Known today for his quarrels with Voltaire, Desfontaines can be regarded as the founder of the new literary criticism and journalism in France, insofar as he sought to found his criticism on aesthetic and ethical lines, rather than merely summarising, reproducing or paraphrasing.

Biography
Desfontaines entered the order of Jesuits after being raised by them, and taught rhetoric in Bourges before devoting himself exclusively to letters until 1715. In 1724, he became a contributor to the Journal des scavans, attempting to introduce an amenity of style into his scientific articles, avoiding dryness and pedantry.
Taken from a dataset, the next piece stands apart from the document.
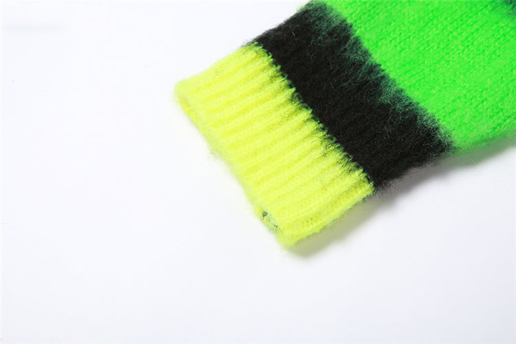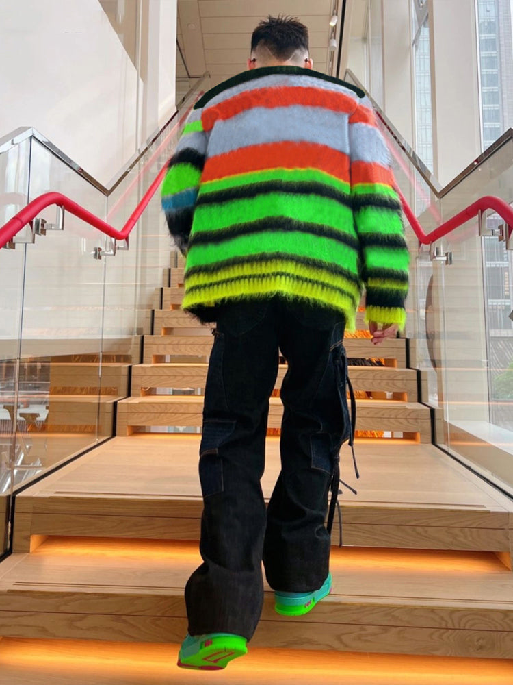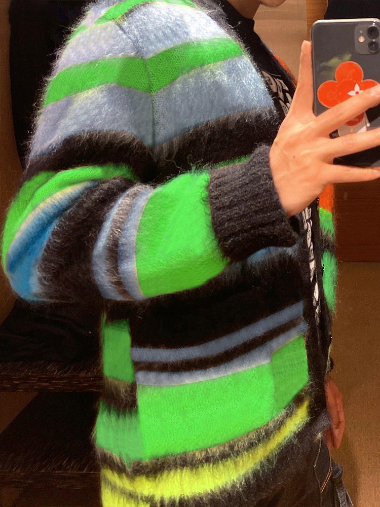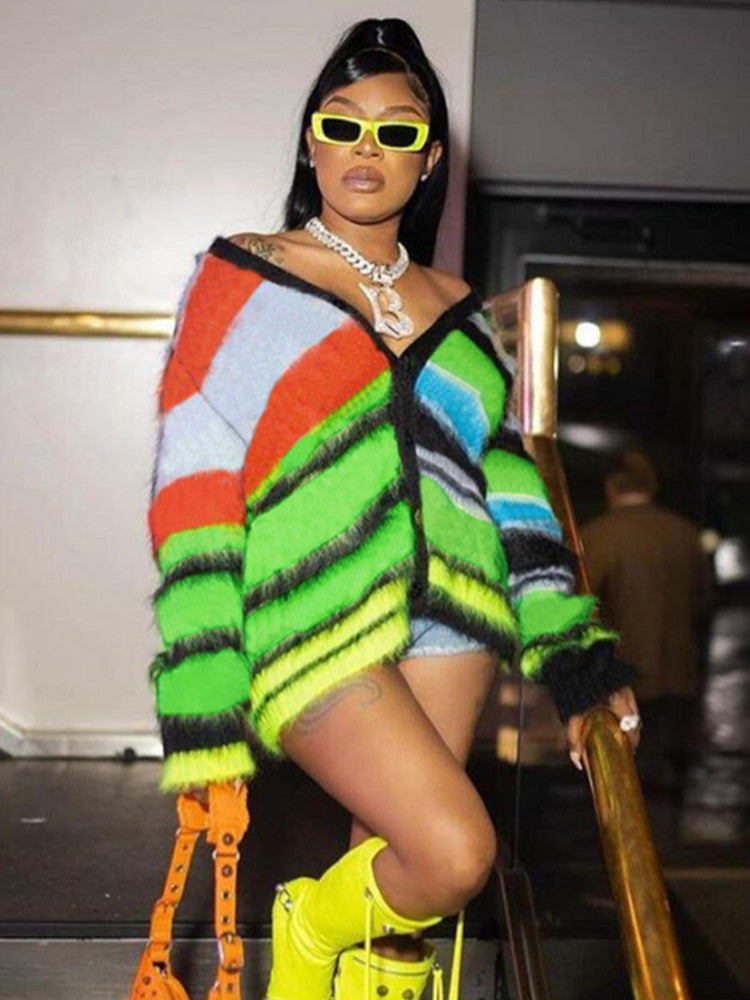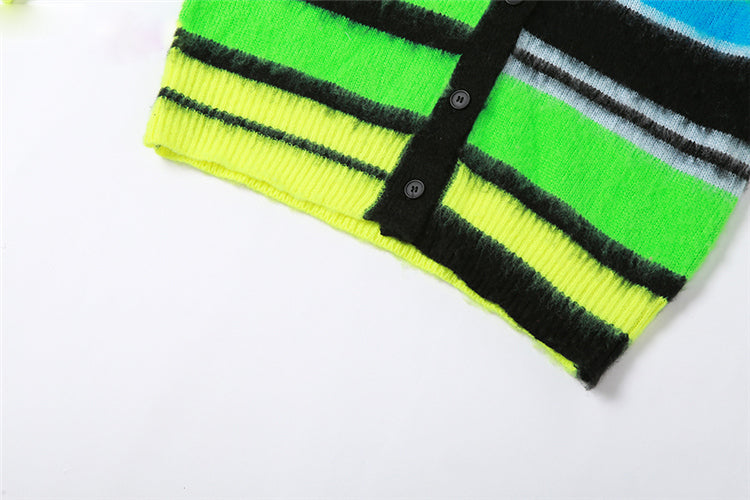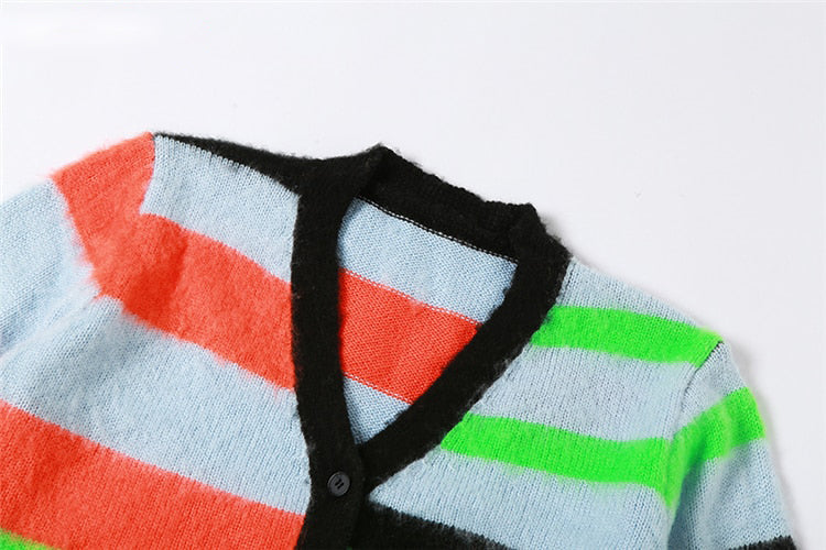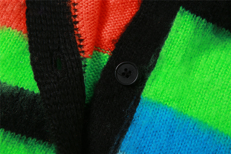 A bright and colorful, single-breasted cardigan sweater with a V-neck and a Patchwork pattern.

He then published, with various collaborators such as Élie Fréron, Granet, the Abbé Destrées, periodical collections of criticism: Le Nouvelliste du Parnasse [The Short-Story Writer of Parnassus] (1731–1734, 5 vols.), and Observations sur les écrits modernes [Observations on modern writing] (1735 on, 34 vols.). These hastily written periodicals distinguished themselves by the vivacity of their criticism and partisanship.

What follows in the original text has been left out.